Nodes from different LoDs can still be integrated into surface nets by extending it to draw triangles when needed

Editing the terrain

To edit the terrain, we define an SDF, an operation, and an axis-aligned bounding box (AABB) around the edit. For instance, to add a sphere to the terrain, we would want to define SDF describing this sphere with radius r and position p, we set the operation to Union, and we define an AABB that fits tightly around the sphere.

The terrain mesh can be edited relatively efficiently in real-time in two steps. First, we change the octree by finding the leaves that intersect the AABB of the edit operation. The leaves are either pruned if they are fully within the volume of the new SDF, or they can be subdivided if they intersect the new SDF. We calculate a new value for each node by applying the desired boolean operation (Union or Difference) to the node’s current value, and a sample of the new SDF at the node’s center. If the new value and the old value differ by a threshold, I set the red channel of a node’s color to one to mark it as edited.

Next, we remesh all the chunks that intersect the AABB using the updated octree, such that they represent the union of the sphere and the terrain.

Terrain Visuals

Each node in the octree also stores a color. We can set the red channel to one if it has been edited, else zero. During the meshing stage, we calculate the color at Intersection (CaT), just like we calculate the Point of Intersection:

$$ CaT = Color_A * (1 - t) + Color_B * t$$

We average the CaT of all the edges neighboring a node, and set that as the node’s vertex color. Then in the terrain Shader, I currently set the color to brown if the red channel of the vertex color is over 0.5.

The terrain itself is textured using triplanar mapping, as calculating UVs for these meshes is a hard problem.

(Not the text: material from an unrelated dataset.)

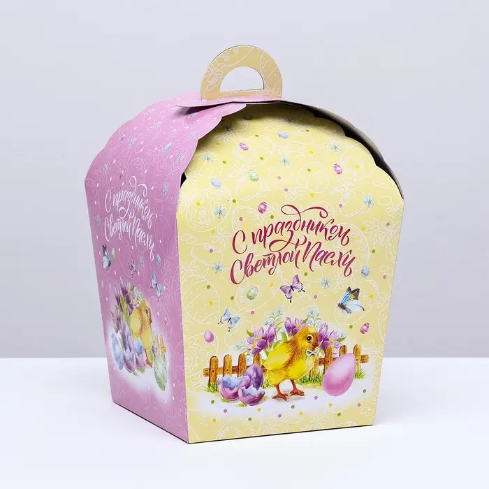 Упаковка, которую запоминают: Эта коробка превращает вручение кулича в маленькое событие. Дети узнают персонажа, взрослые ценят нестандартный подход к оформлению. После извлечения выпечки коробку можно использовать как органайзер или основу для поделки. В отличие от стандартных крафтовых боксов, дизайн с цыплёнком работает как самостоятельный подарок, даже без содержимого. Вы получаете эмоциональную упаковку, которая создаёт праздник одним своим видом.

Conclusion and Future work

Overall, I believe to have succeeded at creating a fully editable large-scale smooth voxel terrain, with perfect LoD transitions. It generates relatively quickly at an acceptable resolution, perfect for terrains.

There are a number of extensions I am considering for this project. Firstly, I want to be able to populate the terrain with countless objects, such as trees, that can be seen from afar. Secondly, I would like to extend the surface extraction method to guarantee manifold meshes. Thirdly, I would like to optimize the underlying octree structure, to allow for more efficient memory usage, and decrease the time it takes to edit large parts of the terrain.